The Hardest Part of Living Abroad Nobody Talks About
I feel like a man without a country, a man without a home. An outsider in my country and any other.
Whenever I mention I have lived abroad, the same reaction immediately spreads across a person’s face.
Their eyes widen, they become more high pitched than normal as they emit “Really!!” or “Wow! That must have been amazing!” from their mouths.
I’ve lost count of the amount of times I’ve encountered this same reaction. The one common denominator among them is that the person showing amazement has never lived abroad themselves.
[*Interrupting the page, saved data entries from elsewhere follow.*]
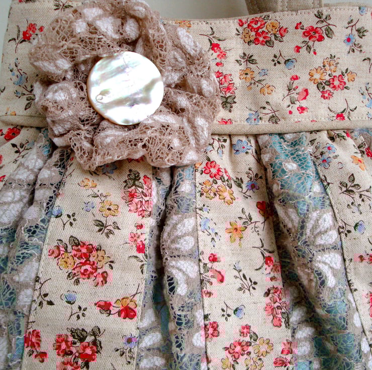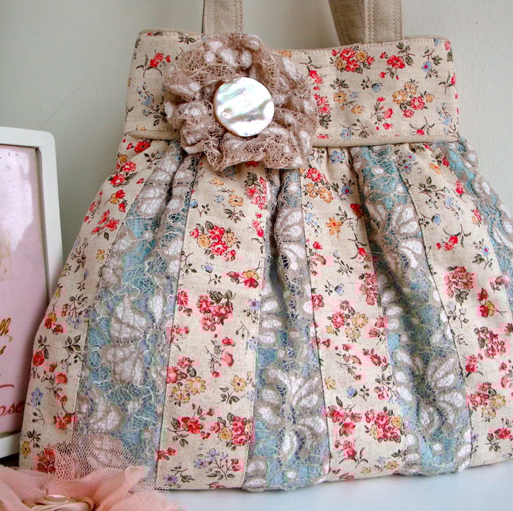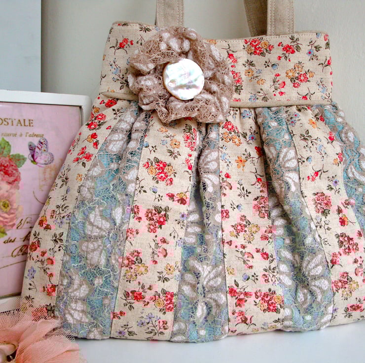 Handmade to my own design , I used beige/cream lace and a printed floral cotton linen .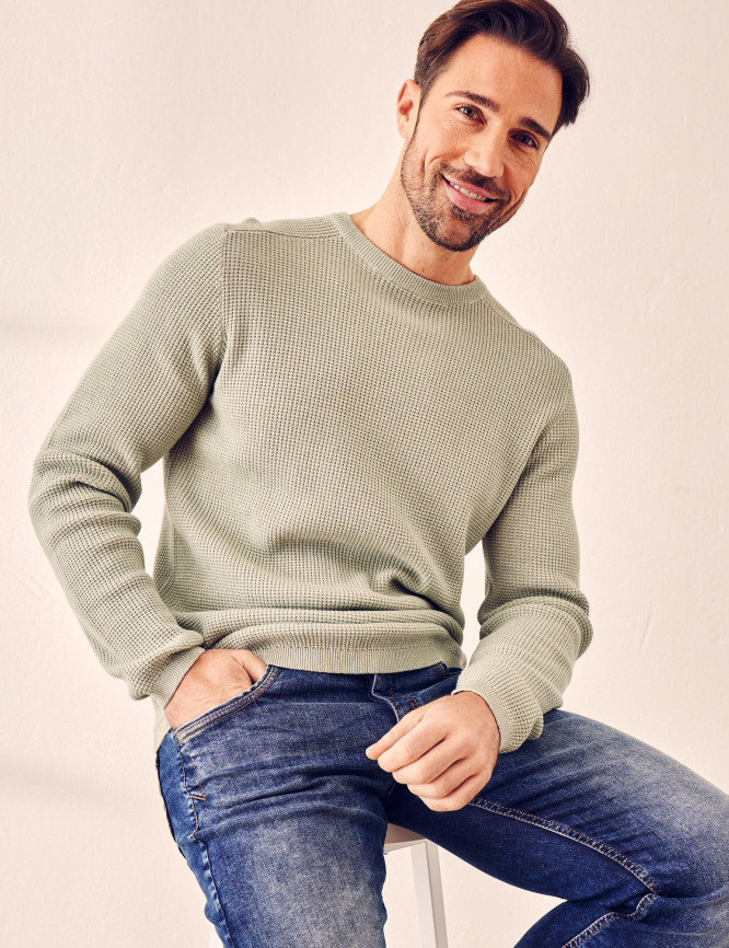 Rundhals-Pullover in Waffeloptik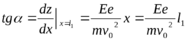 Электрон, двигаясь по параболе, к моменту выхода из пластин отклоняется на величину z1 и далее движется по касательной к экрану, отклоняясь на величину z2.
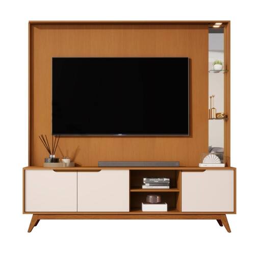Home para Tv 80" Tucumã 1.8 Nature Off White Com LED JB Bechara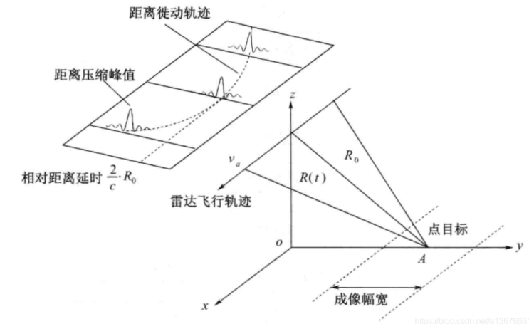 pr(t)为 窗函数Wt(ft)的傅里叶逆变换,对于矩形窗,pr(t)为sinc函数。我们可以认为脉压峰值对应的时刻就是回波时延,可以根据此来计算出目标的距离,但是雷达平台在运行过程中,与目标的距离是变化的,这就导致在对于同一目标,雷达不同慢时间时刻上,距离脉冲压缩后的峰值不在同一时刻。即距离压缩后得到的是含有距离徙动的瞬时斜距。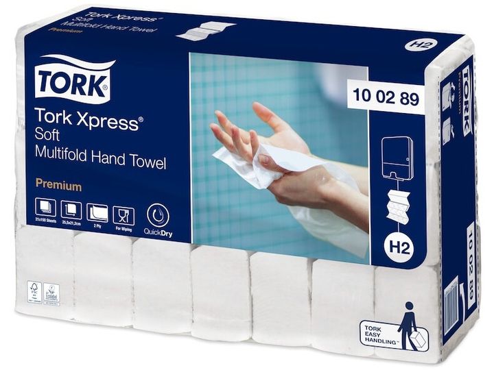 Giv dine gæster den bedste brugeroplevelse og komfort med de bløde Tork Xpress® Soft Multifold håndklædeark, som skåner hænderne og føles behagelige. Disse håndklædeark passer i Tork Xpress® Dispenser Multifold Håndklædeark til toiletter med middel brugerfrekvens. Den passer på steder, hvor pladsen er trang, og er bekvem og hygiejnisk for dine gæster.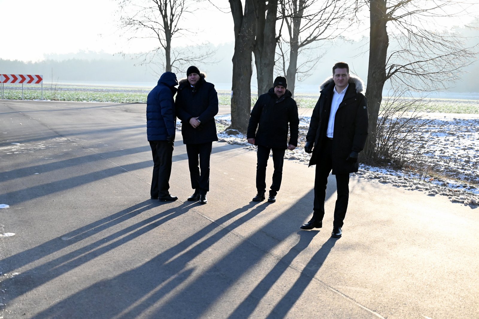10 stycznia br. Starosta Radzyński Szczepan Niebrzegowski wraz z Wicestarostą Michałem Zającem, Członkiem Zarządu Powiatu Radzyńskiego Jerzym Bednarczykiem oraz Dyrektorem Zarządu Dróg Powiatowych Mirosławem Kułakiem oceniali stan robót drogowych na przebudowywanym odcinku.

To those people, it appears to be an idyllic existence. A life in a foreign country must be like heaven! What they don’t realize is it’s not.
Apart from the differing customs, language, food, things are much the same. You wake up, go to work, do your shopping and go to bed. The only difference is the country you live in.
Once you become accustomed to living abroad, it can be remarkably hard to adjust when you return home.
The problem being… Nowhere feels like home!
I’ve spent the last five years travelling and living in various places around the world. Recently, I decided to stay in England instead of returning to Spain to work.
Settling back into life here has been strange. That said, I struggled, really struggled, living in Spain. Adapting to the culture was much harder than I envisioned. Little things such as shops being closed on Sundays were difficult to overcome.
The pace was slower than I was used to, I felt like I was I fast-forward compared to everyone else. The irony is I yearned to return to England.
Somewhere I was familiar with.
Somewhere I had connections.
Life would be easier in England, I thought. I was wrong.
After years away, I no longer feel at home in England. Everything is familiar, yet everything feels different at the same time. The people, the streets, the smells, they are all the same.
Yet, the way I look at them has changed. I see the world differently now, to how I saw it five years ago.
That is the crux. I have changed, but the people and the place that I left behind have barely changed.
I feel like a man without a country, a man without a home. An outsider in my country and any other.